Он обернулся. В светлых, волчьих глазах атамана мелькнула горькая усмешка.
– А ты думал, мы тут на всем государевом живем? – Он обвел взглядом своих людей. – Нас за глаза «унтовым войском» кличут. Потому что на сапоги денег нет, да и в тайге унты сподручнее. Мундир – на смотр, как начальство сбирает, да еще на праздник. А в такой поход по тайге, по буеракам – что сам сшил, в том и идешь.
Он тяжело выдохнул, и суровое лицо на миг стало усталым.

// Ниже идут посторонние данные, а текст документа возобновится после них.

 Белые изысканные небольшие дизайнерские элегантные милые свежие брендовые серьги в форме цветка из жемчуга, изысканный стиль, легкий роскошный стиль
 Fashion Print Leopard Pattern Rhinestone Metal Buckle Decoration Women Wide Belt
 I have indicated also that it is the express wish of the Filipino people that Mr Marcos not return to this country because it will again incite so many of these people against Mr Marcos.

– Жизнь тут, промышленник, не сахар. Бывало, желуди толкли и сыромятную кожу варили, чтобы с голоду не помереть. Землю пахать надо, скотину беречь, дом чинить, да еще и границу держать. На военную муштру времени почти нет. Казак на Амуре – он сперва пахарь, а потом уже воин. Да и казаки-то на амуре – сам, небось, знаешь: многие из работных людей пять лет назад поверстаны.
– А с пропитанием как?
– Да как… – Он махнул рукой. – Все больше «мурцовка»: сухари, значит, в воде покрошишь, постным маслицем польешь – вот и весь обед. На таком харче много не навоюешь. Но что есть – тем и живем.
Я оглядел этих обветренных, разномастно одетых людей, их простые лица, осознавая, что за этой их внешней суровостью прячется каждодневный опыт отчаянной борьбы за выживание.

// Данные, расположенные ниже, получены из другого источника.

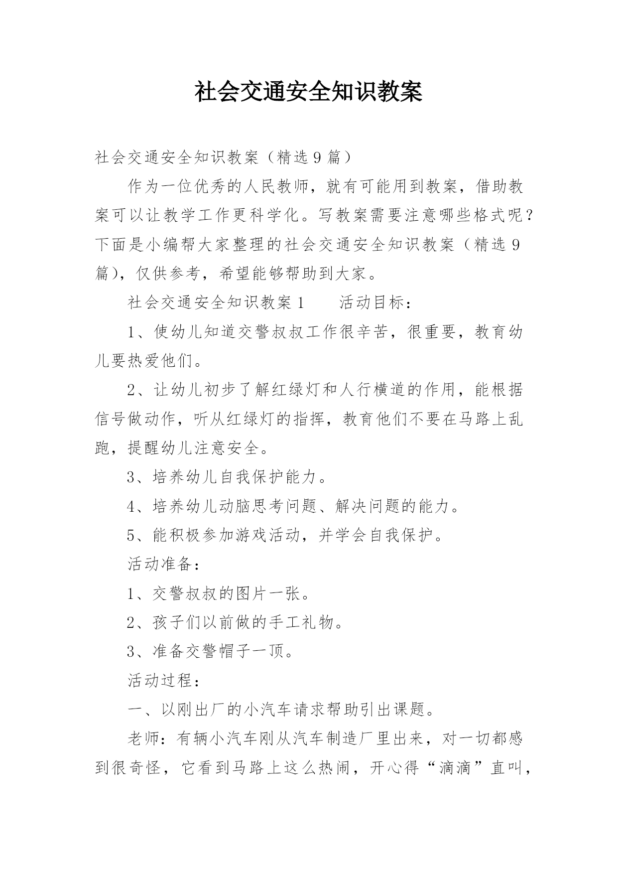 社会交通安全知识教案社会交通安全知识教案(精选9篇)作为一位优秀的人民教师,就有可能用到教案,借助教案可以让教学工作更科学化。写教案需要注意哪些格式呢?下面是小编帮大家整理的社会交通安全知识教案(精选9篇),仅供参考,希望能够帮助到大家。社会交通安全知识教案1活动目标:1、使幼儿知道交警叔叔工作很辛苦,很重要,教育幼儿要热爱他们。2、让幼儿初步了解红绿灯和人行横道的作用,能根据信号做动作,听从红绿灯的指挥,教育他们不要在马路上乱跑,提醒幼儿注意安全。3、培养幼儿自我保护能力。4、培养幼儿动脑思考问题、解决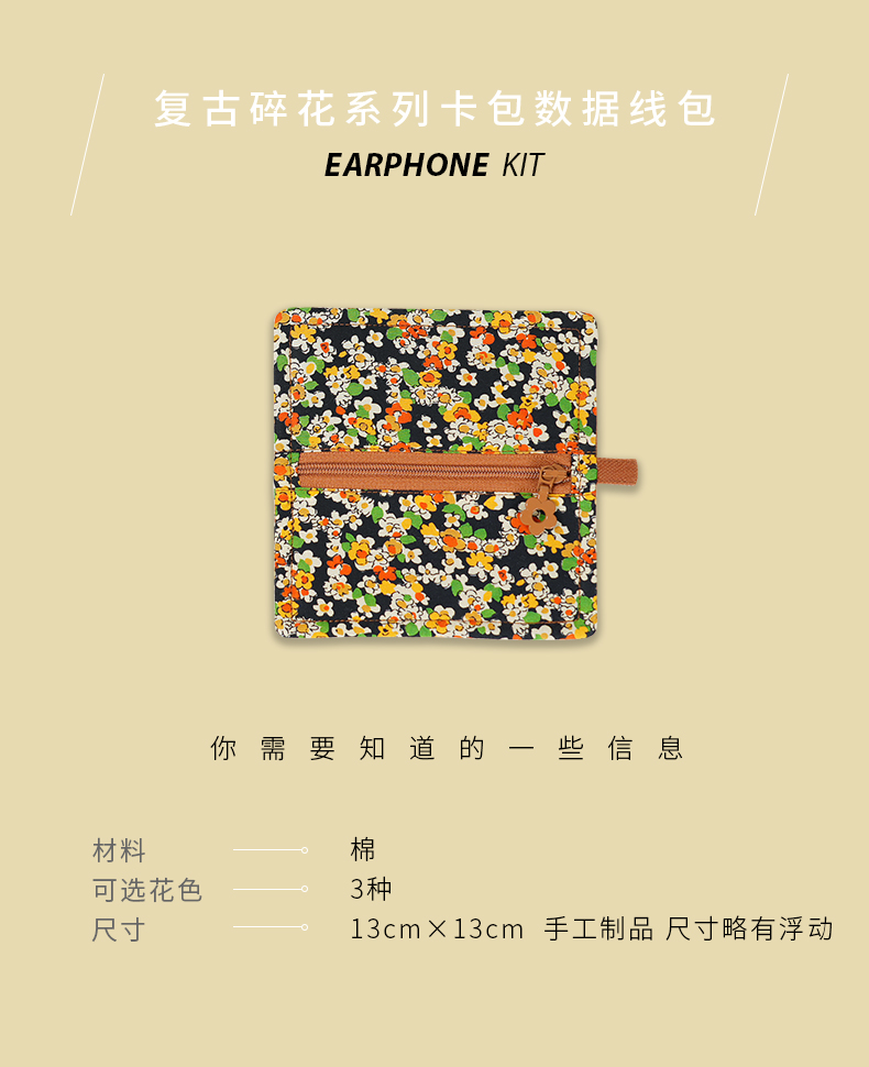 复古碎花系列卡包数据线包蓝牙耳机包小包布艺拉链迷你U盘U盾保护便携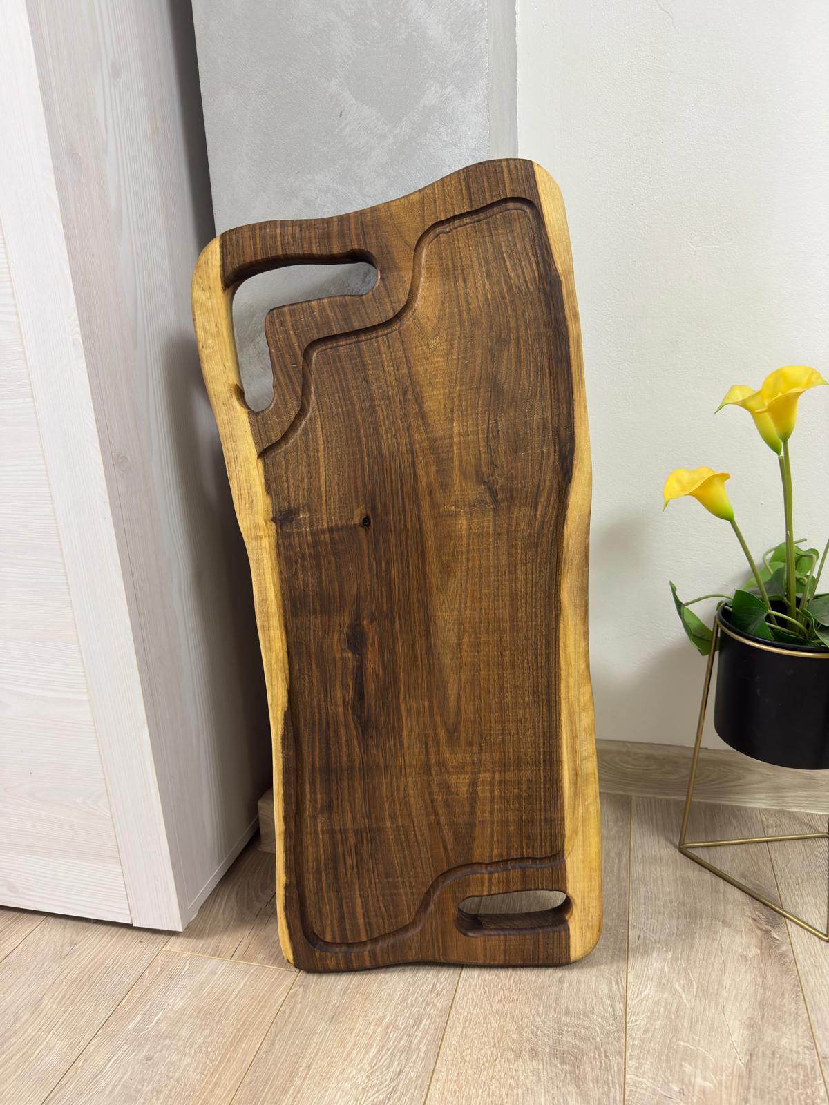 Cu dimensiuni generoase de 75x35x4 cm, acest model este ideal atât pentru utilizarea zilnică în bucătărie, cât și pentru servirea preparatelor în cadrul evenimentelor sau petrecerilor. Grosimea de 4 cm oferă stabilitate și rezistență, fiind potrivit pentru tranșarea cărnii și pregătirea preparatelor consistente.

– Елизар Фомич, – тихо, но так, чтобы он услышал, сказал я, – как отобьем прииск, я помогу. Закупим сукно на мундиры, сапоги, коней. И мукой обеспечу – настоящей, не гнилой!
Атаман посмотрел на меня долгим, пристальным взглядом, как будто безмолвно вопрошал «А не шутки ли ты со мной шуткуешь, промышленник?», потом коротко кивнул. Такое решение казалось нам обоим простым и естественным: если у тебя есть деньги, а у того, кто тебя защищает, их нет – надо с ним поделиться.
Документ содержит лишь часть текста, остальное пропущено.